The lambda in wait_for_record_count calls self.flattened_records() twice on every poll cycle (once for the length check, once to return the list). For larger payload counts this doubles the iteration work. Caching the call result avoids it.

♻️ Optional refactor
     def wait_for_record_count(self, minimum_count, timeout=10):
+        def _check():
+            records = self.flattened_records()
+            return records if len(records) >= minimum_count else None
+
         return self.service.wait_for_condition(
-            lambda: self.flattened_records() if len(self.flattened_records()) >= minimum_count else None,
+            _check,
             timeout=timeout,
             interval=0.2,
             description=f"{minimum_count} forwarded UDP payloads",
         )
🤖 Prompt for AI Agents
Verify each finding against current code. Fix only still-valid issues, skip the
rest with a brief reason, keep changes minimal, and validate.

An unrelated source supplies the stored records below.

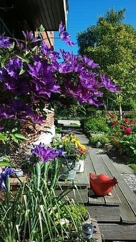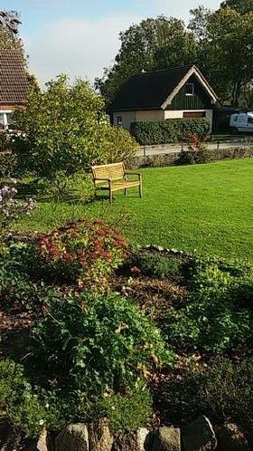 Auf der großen Rasenfläche vor dem Haus können Sie es sich u.a. gemütlich machen. Die angrenzende Terrasse mit Blick in den schönen Garten, kann genutzt werden, hier stehen Bank, Tisch und Stühle für Sie bereit. Sitzauflagen sind vorhanden und auf Wunsch auch ein Grill.
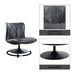 - Swivel Functionality: The chair features a smooth swivel function, supported by a sturdy black round metal base with legs, adding to its edgy industrial charm.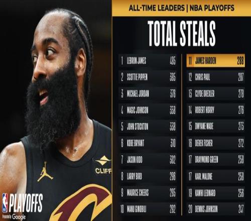 這場比賽還是哈登的里程碑夜晚,哈登季后賽助攻數來到1139次超越隆多升至歷史第七位;哈登本場比賽送出5個搶斷,他超越保羅升至歷史季后賽搶斷榜單第11位。

In `@tests/integration/scenarios/in_udp/tests/test_in_udp_001.py` around lines 75
- 81, The lambda passed to wait_for_condition in wait_for_record_count calls
self.flattened_records() twice per poll, wasting work; modify the lambda so it
calls self.flattened_records() once (e.g., assign to a local variable like
records inside the lambda), then check len(records) against minimum_count and
return records when ready. Update the lambda used in wait_for_record_count to
reuse that single records value and keep the same timeout/interval/description
parameters for wait_for_condition.

148-174: ⚡ Quick win

The config correctly uses format: json to drop malformed datagrams.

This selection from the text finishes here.